In its Credit Outlook report published yesterday, Moody’s has stated that An IMF program would be credit positive for Pakistan because access to a cheap and stable source of external financing would provide immediate support to the government’s external financing needs.
However in light of investments, imports and external borrowing related to projects under the China-Pakistan Economic Corridor (CPEC), external and fiscal challenges will persist.
The narrative further adds that due to the existing economic predicament of the country, it is expected that the current-account deficit will reach 4.6% of GDP in fiscal 2019 (which ends June 2019), which is slightly narrower than the 5.8% deficit in fiscal 2018 but wider than the average deficit of 1.3% fiscal 2013-16.
“In part owing to the wide current-account deficit, we estimate Pakistan’s gross external financing needs for fiscal 2019 to be around $30 billion, of which $7-$8 billion are the government’s external repayments,” forecasted the Credit Outlook report.

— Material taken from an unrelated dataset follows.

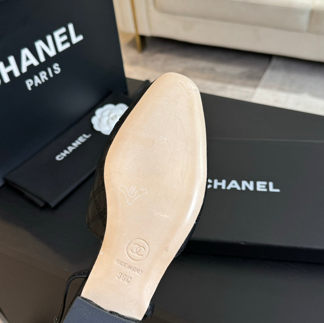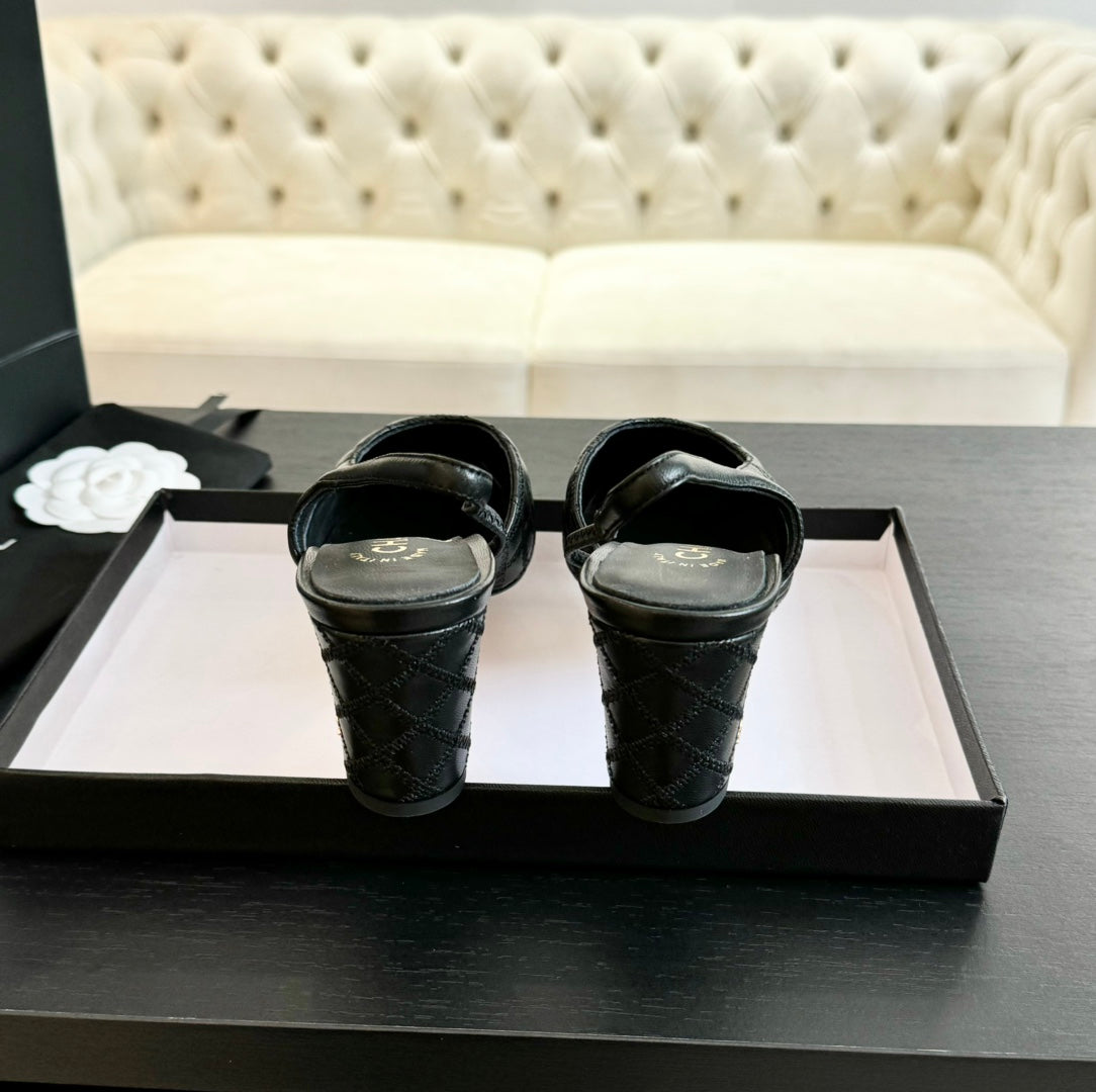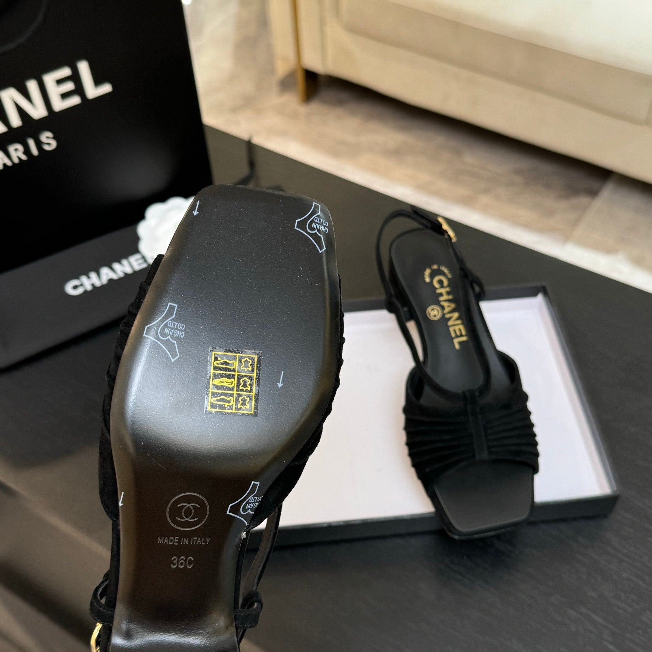 CC 25S Sandal Heel 50mm Black Suede Kidskin Pearl Logo

According to Moody’s, an IMF program will not only bridge the financing gap but will also serve as a strong signal to other official sector creditors which is crucial to meet financing requirements over the coming years. “This is particularly the case if a more front-loaded program provides greater market confidence when Pakistan’s upcoming Eurobond and sukuk repayments totaling $1 billion each are due in April and December 2019, respectively.”
Yet, in the absence of further macroeconomic adjustments, external and fiscal risks are expected to persist. Ongoing implementation of CPEC projects, which will likely amount to 9%-10% of GDP in fiscal 2019, and higher oil prices will keep the import bill elevated, says the report.
Considering the Pakistani government's export package which aims to boost export competitiveness, Moody’s pointed out that although this package’s extension for three more years will benefit exports, there will remain half the level of goods imports.
“We expect the fiscal deficit to narrow slightly to 5.4% of GDP in fiscal 2019 after a deficit of 6.4% in fiscal 2018, notwithstanding the governments recently announced mini-budget to cut development spending and raise revenue through import duties and other administrative measures,” concluded the narrative.